__Work request__
Take nothing but the lines from the one with "ガイドフレームは、真っすぐ貼" through the one with "After The Caravan" in the entries below, both ends kept, and return them exactly with pictures left out.

++++++++++

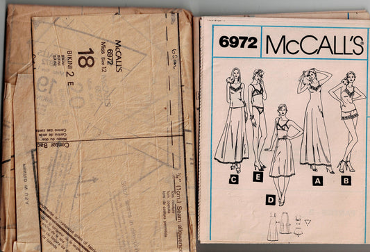 McCall's 6972 Womens Slips Camisole Bra Panties & Bikini 1970s Vintage Sewing Pattern Size 12 Bust 34 Inches
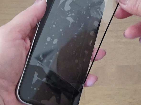 ガイドフレームは、真っすぐ貼り付ける助けになるだけでなく、iPhoneの四方を覆うことでホコリが入り込むことも防いでくれているようだ。ペットを飼っていて、獣毛や細かい羽毛が入り込みやすいという家庭でも扱いやすいのではないだろうか。
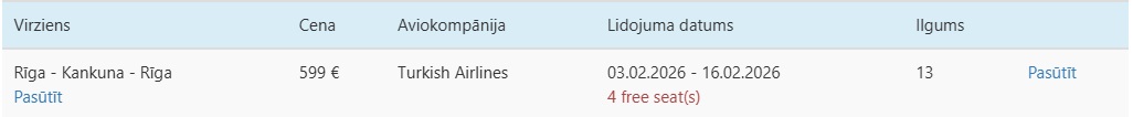 Datumi: 3.-16.02. 599 EUR turp un atpakaļ vienam cilvēkam
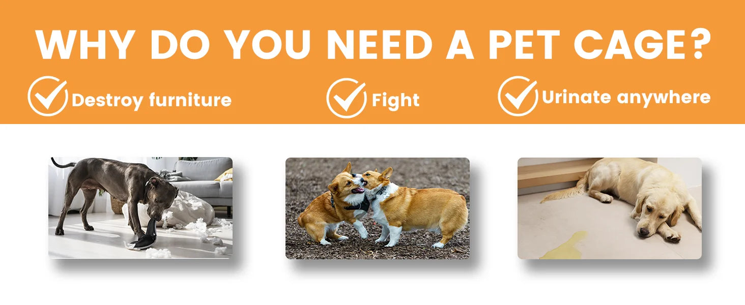 Multifunctional Removable Tray - Our wooden dog crate has a multifunctional removable tray compared to others, you can slide it beneath bottom to catch any dirt and food residue, easy to clean without any hassle and no need to move the heavy crate for clean, also, you can put the tray inside the crate and include a dog bed, reduces anxiety and soothe dogs when they stand on the wire bottom
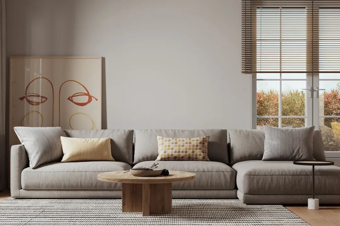 客厅整体造型简洁,没有过多的装饰造型,直接采用暖灰色的乳胶漆和布艺沙发搭配,与整体地面的原木色地板结合,冷暖适宜,比较舒适。
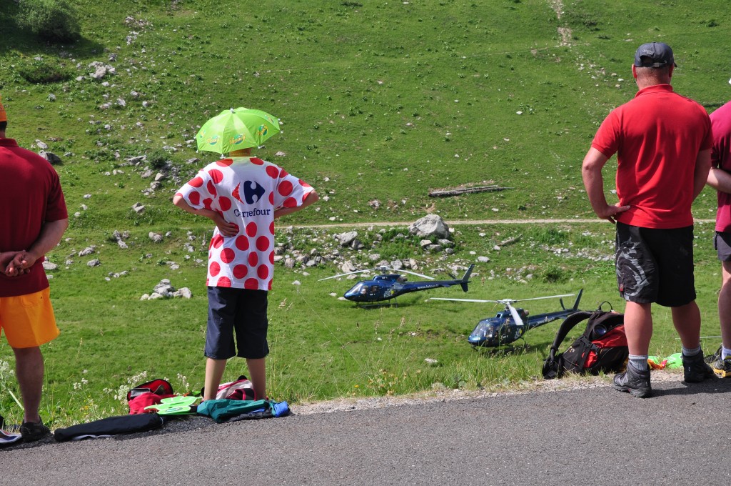 After The Caravan streamed past, five TdF VIP helicopters landed in the cow pasture right below us!  People climbed out and hiked up to the road where we were, standing right across the road from us.  I noticed that they all had “Garmin VIP” badges and apparel, so I yelled across the road, “Hey, how do you get to be a Garmin VIP?”  They laughed and all responded, “Sell a lot of Garmins!”  I thought that was pretty cool of Garmin to do that as an employee reward.
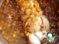 Рулет вынимаем под фольгу, а оставшиеся овощи пробиваем блендером. На гарнир я делала кус-кус. |
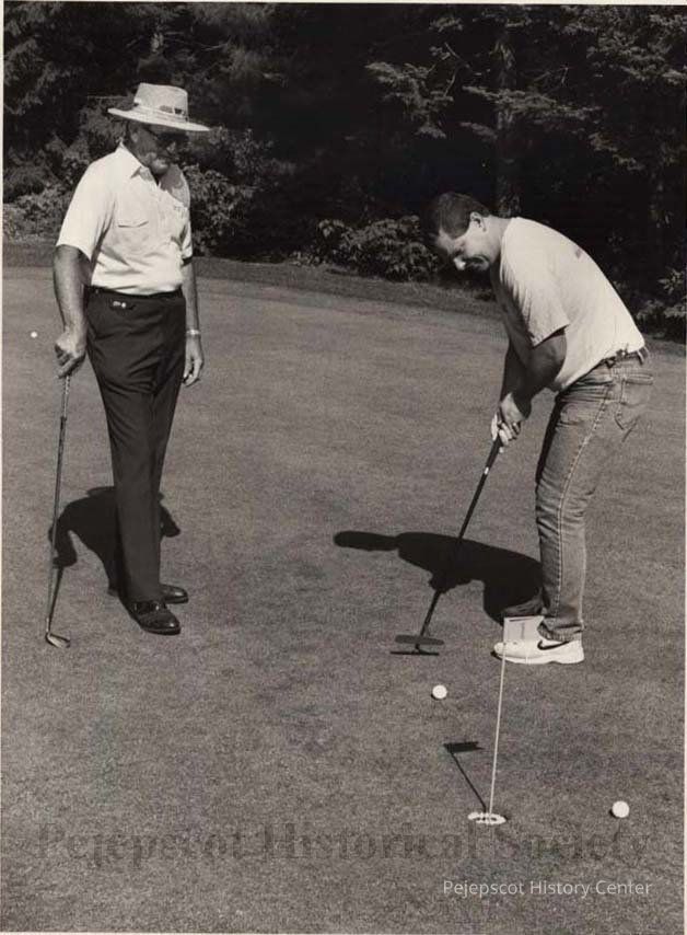 A B/W photographic view of Mel Strange and Bob Stiehlen playing golf.
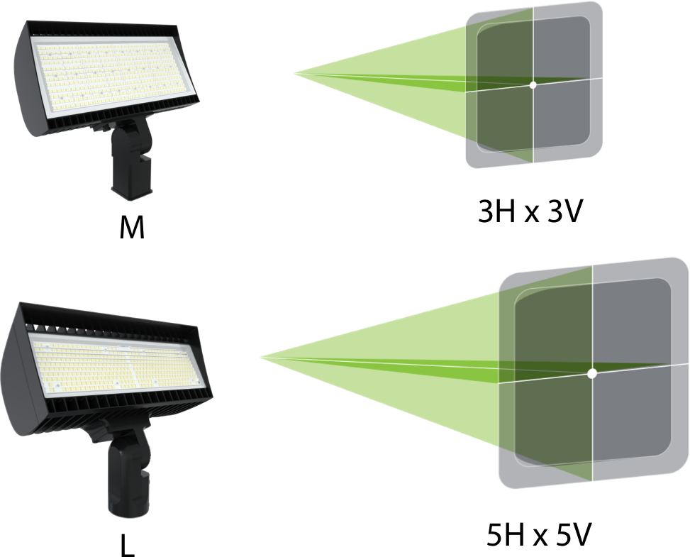 Standard models come with either a 6H x 6V (XS & S) or 7H x 6V (M & L) distribution, but the medium and large models are now also available with either 3H x 3V or 5H x 5V NEMA types, giving you added flexibility with your outdoor applications!

++++++++++

__Answer section__
 ガイドフレームは、真っすぐ貼り付ける助けになるだけでなく、iPhoneの四方を覆うことでホコリが入り込むことも防いでくれているようだ。ペットを飼っていて、獣毛や細かい羽毛が入り込みやすいという家庭でも扱いやすいのではないだろうか。
 Datumi: 3.-16.02. 599 EUR turp un atpakaļ vienam cilvēkam
 Multifunctional Removable Tray - Our wooden dog crate has a multifunctional removable tray compared to others, you can slide it beneath bottom to catch any dirt and food residue, easy to clean without any hassle and no need to move the heavy crate for clean, also, you can put the tray inside the crate and include a dog bed, reduces anxiety and soothe dogs when they stand on the wire bottom
 客厅整体造型简洁,没有过多的装饰造型,直接采用暖灰色的乳胶漆和布艺沙发搭配,与整体地面的原木色地板结合,冷暖适宜,比较舒适。
 After The Caravan streamed past, five TdF VIP helicopters landed in the cow pasture right below us!  People climbed out and hiked up to the road where we were, standing right across the road from us.  I noticed that they all had “Garmin VIP” badges and apparel, so I yelled across the road, “Hey, how do you get to be a Garmin VIP?”  They laughed and all responded, “Sell a lot of Garmins!”  I thought that was pretty cool of Garmin to do that as an employee reward.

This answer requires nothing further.